By Christopher Schink
THE PALETTE MAGAZINE #25
March/April 2008
"I'd like to do one of those" is the natural response of most painters when they first feel the urge to learn to paint. Early in our careers, all of us have come upon a painting that we wished we had done and that we hoped we could someday duplicate. We find ourselves attracted to a particular artist with an appealing style that inspires us to take up the pursuit of painting.
In time we usually distance ourselves (or outgrow) these early influences. we find new inspiration and discover other ways to work. We explore and experiment, and eventually, if we're lucky or work hard (or both), we develop a way to think and paint that is identifiably our own.

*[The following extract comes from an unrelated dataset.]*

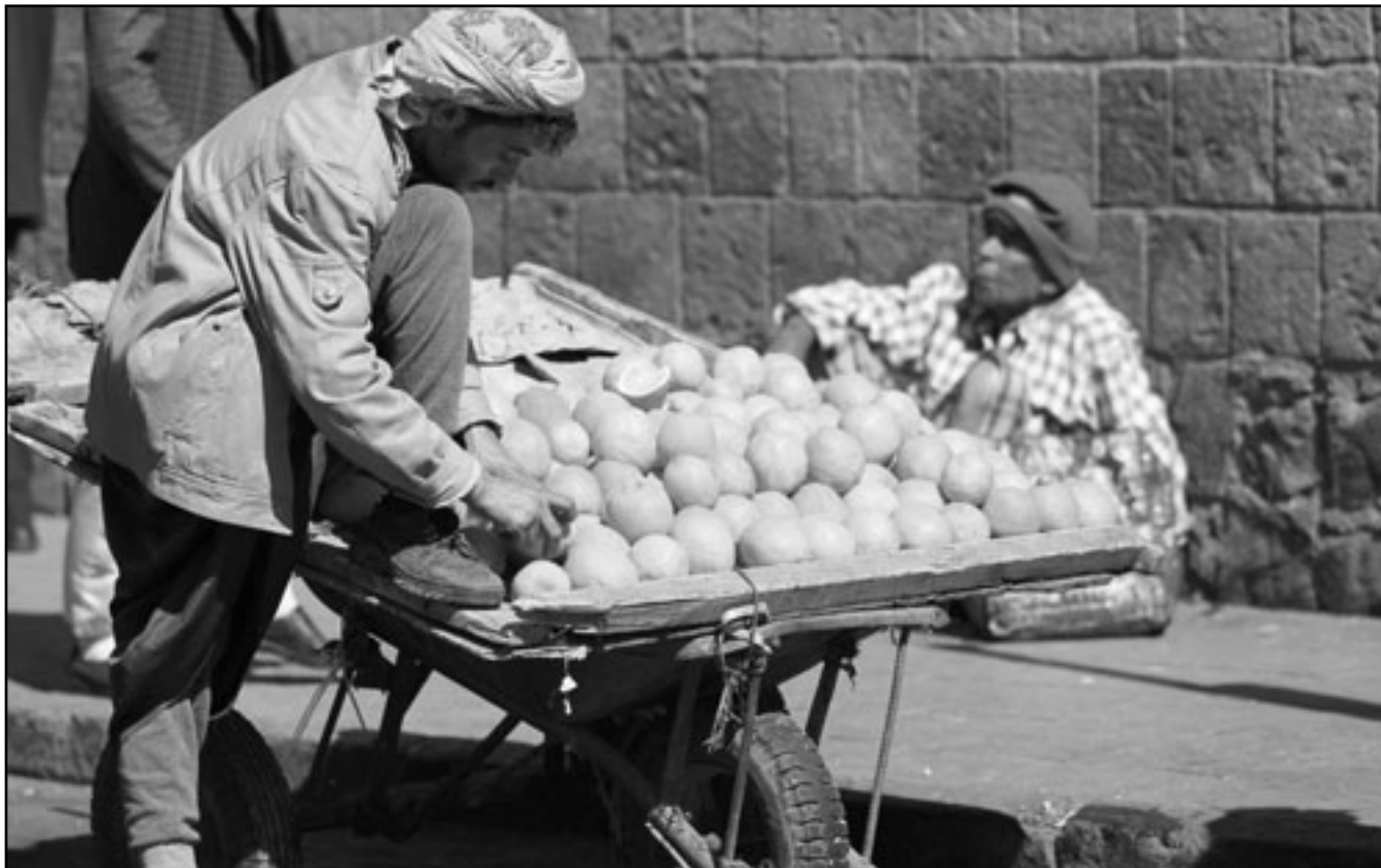
بياع يمني يبيع البرتقال في شوارع صنعاء

(باريس) يواجه صعوبات متعددة أبرزها اتساع مساحة الفقر، وتفتيش البطالة، والنمو السكاني السريع، وشح المياه، والمشاكل المتعلقة بألية الحكم. وفي المحصلة، فإن مجمل التحديات
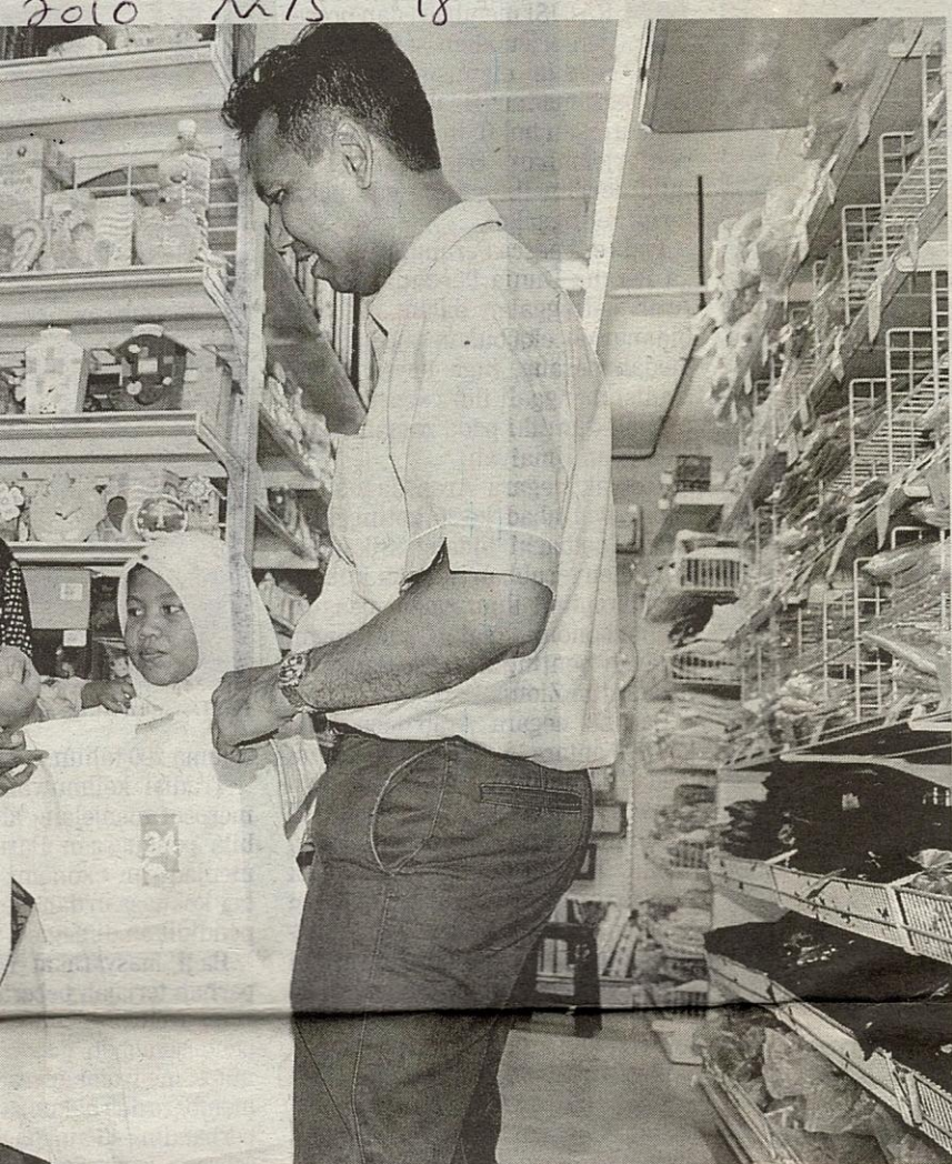
vat yang miskin dan berpendapatan rendah.

mungkin sesuatu yang sukar difahami bagi banyak pihak.

Nevada artist Valerie Cohen has taken that journey, progressing from enthusiastic beginner to a skilled and knowledgeable artist with a mature, distinctive style. Although the early influences on her painting style are still visible, the results are uniquely her own. In this article, she describes her journey with humor, insight, and candor.

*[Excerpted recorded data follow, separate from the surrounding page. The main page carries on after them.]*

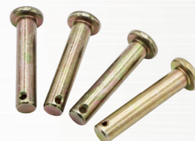
ピン / リベット
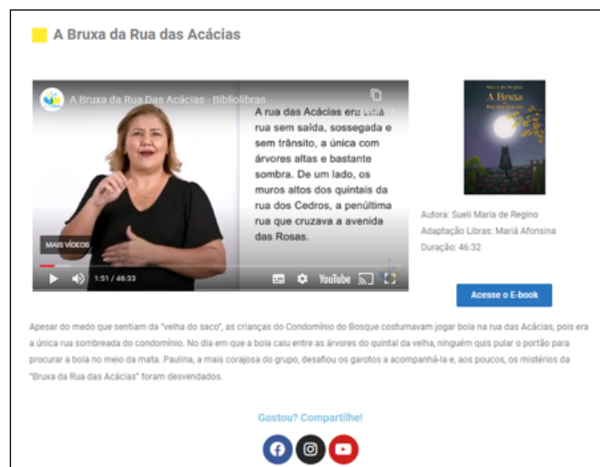
Figura 3 – Captura de tela do livro “A bruxa da rua das acácias” da Biblioteca virtual “Bibliolibras”

voltada, principalmente, para o público leitor surdo, por apresentar uma linguagem múltiplas e híbrida (sonora, visual e escrita), já o e-book é no formato do livro impresso.
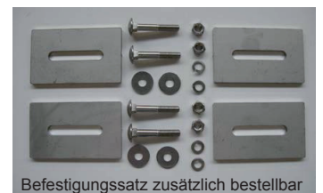
Befestigungssatz zusätzlich bestellbar
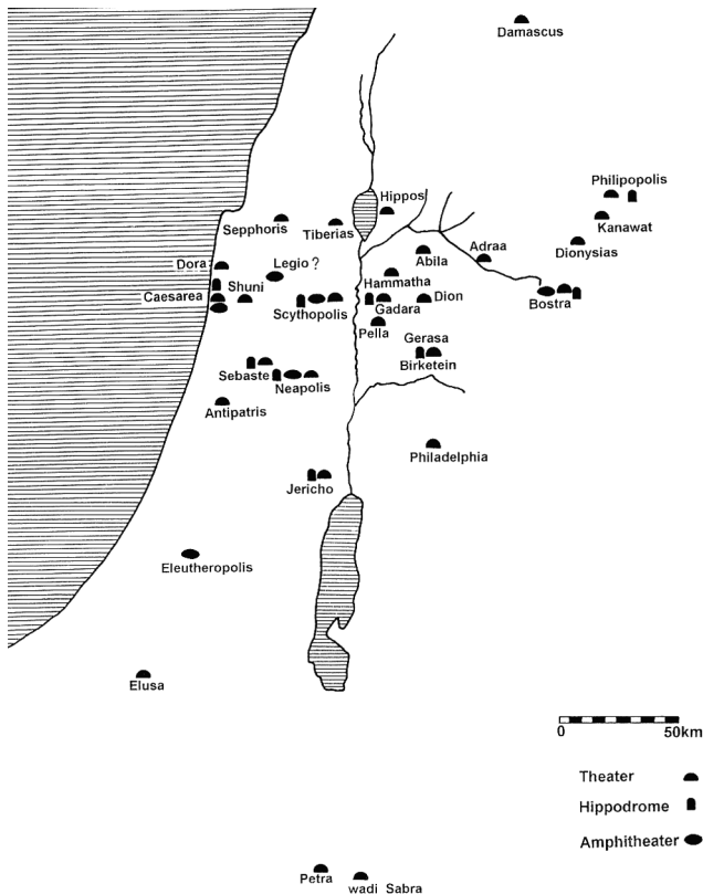
9. kép. Színházak, hippodromok és amfiteátrumok Iudaea/Palaestinában

volt, és a városok is zsidó többségű lakossággal rendelkeztek. Zeev Weiss szavaival élve tehát „a pogány városok sok kísérést rejtettek magukban a Palesztinában élő zsidók számára”. A játékok nagy népszerűsége erős nyomást fejtett ki a rabbikra: így a tannák egyértelmű és határozott tiltását 26 az amórák engedékenyebb szabályozása váltotta fel. 27 Nem véletlen, hiszen például Res Lakis, a híres 3. századi amóra maga is gladiátor volt, mielőtt beállt volna a tanházba. 28 Tel Itunban egy zsidó sírban gladiátor-ábrázolások kerültek elő, és a Bét Seárim-i temető 4. katakombájában egy retiarus és egy murmillio küzdelmét firkálta valaki a falra. 29

(The above painting is "Topo Map #3 - Blue Sage" by Valerie Cohen, 30x22 Mixed Media)
Valerie Cohen describes her development
A seed planted
Back in 1973, I saw my first Milford Zornes show (See painting to the right - Watercolor). There were a hundred landscapes - Red Utah canyons, because he had a studio at Mt. Carmel, just east of Zion - and also Mexican beach scenes. I thought right then: "If I were a painter, this is how I would think." But of course, I had no such intention. I didn't start painting for another fifteen years.

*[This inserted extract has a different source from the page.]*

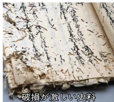
破損が激しい史料

五十四点を修繕しますが、これらの貴重な財産を後世に残していくためには、残りの史料も早急な修繕が必要になっています。

When I did start painting, I had no idea how intellectually difficult it would be. By the time I wised up, it was too late: I was already an addict.
My first teacher
I chose Milford Zornes as my first teacher. For a long time, I was scared witless of him - his critiques in those days were long and incredibly brutal. But we became friends anyway. He taught me two things: (1) You have to work like a dog, from sunrise to sunset, day after day. You have to be really, really stubborn. One time I asked him how he had gotten through his own early years of painting badly; he answered, "Sometimes you just have to give in to your ego." And he taught me (2) that any painting, even the most traditional landscape, is abstract; it's just a piece of paper with pigment on it. He refused to teach me technique. He said, "You'll figure it out by trial and error. I won't tell you what colors. I won't tell you what brush. If I teach you my technique, then it won't be yours." (He did give me a brush, though - a basting brush he got for 50 cents in Vermont. I still use it sometimes.)
Finding a subject
I never painted the Great Basin until I moved to Nevada, seven years ago. At first I thought I couldn't do it, because there is no "there" there. You have a hard contrasting horizontal line right across the middle. You see this same line in a lot of bad desert photographs. Above the line are some far away mountains and some big clouds on top. Below the line are some puny bushes. There's not a whole lot to work with - no palm trees, no VW bugs, no crowds of people to help fill your space. After a while, though, I realized I wanted to keep it as empty as possible. I like stark designs: snow, rock, anything above timberline, dead trees, freeways, Navajo weavings (which are landscapes). When I do a long series about the Great Basin, it's a step-by-step process of taking out the stuff I don't need. Now I'm even taking out the color. Have I gone too far? Have I taken out the landscape altogether?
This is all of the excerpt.